=== Task inputs ===
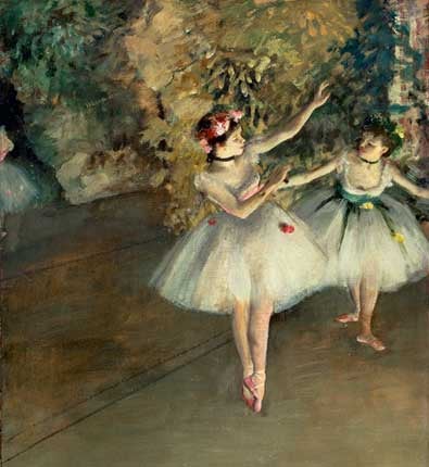 Even the Impressionists, juddering back and forth before their canvases (and obliging viewers to do likewise), were no more obsessed with movement than Degas. A pastel dancer raises herself en pointe, presumably for sheer love of her craft (Two Dancers in the Foyer); an oil ballerina dips her head at a carefully prescribed angle before an audience (Two Dancers on the Stage). Both paintings celebrate motion: dance itself, but also the complicated pattern of steps between public and private.
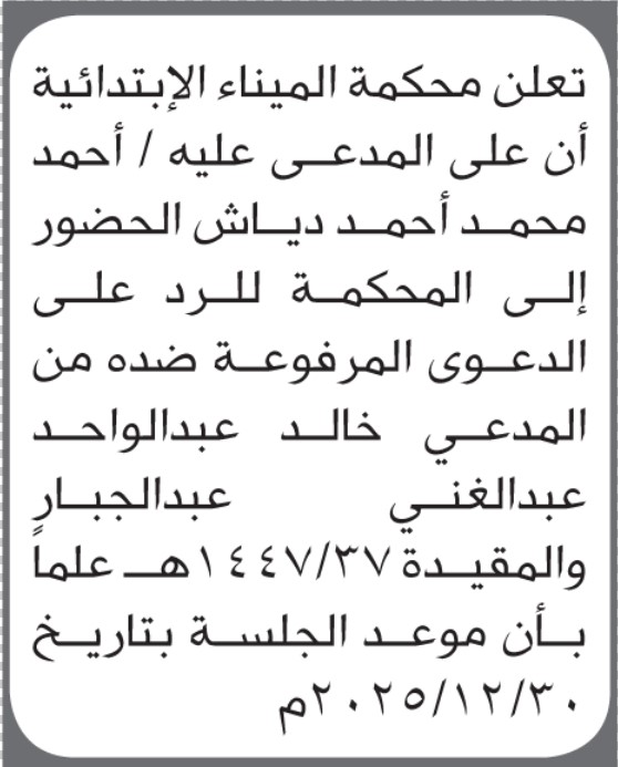 تعلن محكمة الميناء أن على المدعى عليه أحمد محمد دياش الحضور إلى المحكمة إعلاناتمحاكم On ديسمبر 23, 2025 Share Share FacebookTwitterWhatsAppTelegramGoogle+البريد الإلكترونيPrint
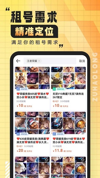 1、为游戏玩家提供安全、便捷的游戏账号租赁服务的平台,涵盖各类热门手游的账号随时进行租赁。
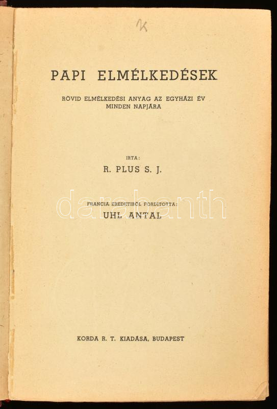 Leírás: R. Plus S. J.: Pap elmélkedések. Rövid elmélkedési anyag az egyházi év minden napjára. Ford.: Uhl Antal. Bp.,1938,Korda. Átkötött félvászon-kötés.
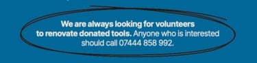 You can get involved by visiting our shed and volunteering your skills.
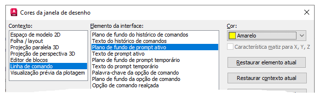 Na caixa de diálogo Cores da janela de desenho, em Contexto, escolha Linha de comando.
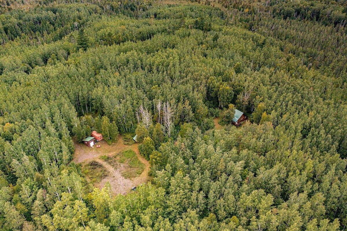 An aerial view reveals a home surrounded by dense, leafy woodlands, offering unmatched privacy and a serene natural environment. The property includes a main cabin with a green roof and a secondary structure, possibly for guests or storage, both set amidst open clearings ideal for play or gatherings. The expansive, tree-lined grounds provide ample space for children to explore and families to enjoy outdoor activities together. The lush green hues of the forest evoke tranquility, while wide, natural trails and patches of sunlit grass encourage safe, family-friendly adventures right at home. Architectural details blend wood and nature harmoniously.
===
* Problem to solve: Could you return each entry word for word, with the images omitted?

* Response to the task:
 Even the Impressionists, juddering back and forth before their canvases (and obliging viewers to do likewise), were no more obsessed with movement than Degas. A pastel dancer raises herself en pointe, presumably for sheer love of her craft (Two Dancers in the Foyer); an oil ballerina dips her head at a carefully prescribed angle before an audience (Two Dancers on the Stage). Both paintings celebrate motion: dance itself, but also the complicated pattern of steps between public and private.
 تعلن محكمة الميناء أن على المدعى عليه أحمد محمد دياش الحضور إلى المحكمة إعلاناتمحاكم On ديسمبر 23, 2025 Share Share FacebookTwitterWhatsAppTelegramGoogle+البريد الإلكترونيPrint
 1、为游戏玩家提供安全、便捷的游戏账号租赁服务的平台,涵盖各类热门手游的账号随时进行租赁。
 Leírás: R. Plus S. J.: Pap elmélkedések. Rövid elmélkedési anyag az egyházi év minden napjára. Ford.: Uhl Antal. Bp.,1938,Korda. Átkötött félvászon-kötés.
 You can get involved by visiting our shed and volunteering your skills.
 Na caixa de diálogo Cores da janela de desenho, em Contexto, escolha Linha de comando.
 An aerial view reveals a home surrounded by dense, leafy woodlands, offering unmatched privacy and a serene natural environment. The property includes a main cabin with a green roof and a secondary structure, possibly for guests or storage, both set amidst open clearings ideal for play or gatherings. The expansive, tree-lined grounds provide ample space for children to explore and families to enjoy outdoor activities together. The lush green hues of the forest evoke tranquility, while wide, natural trails and patches of sunlit grass encourage safe, family-friendly adventures right at home. Architectural details blend wood and nature harmoniously.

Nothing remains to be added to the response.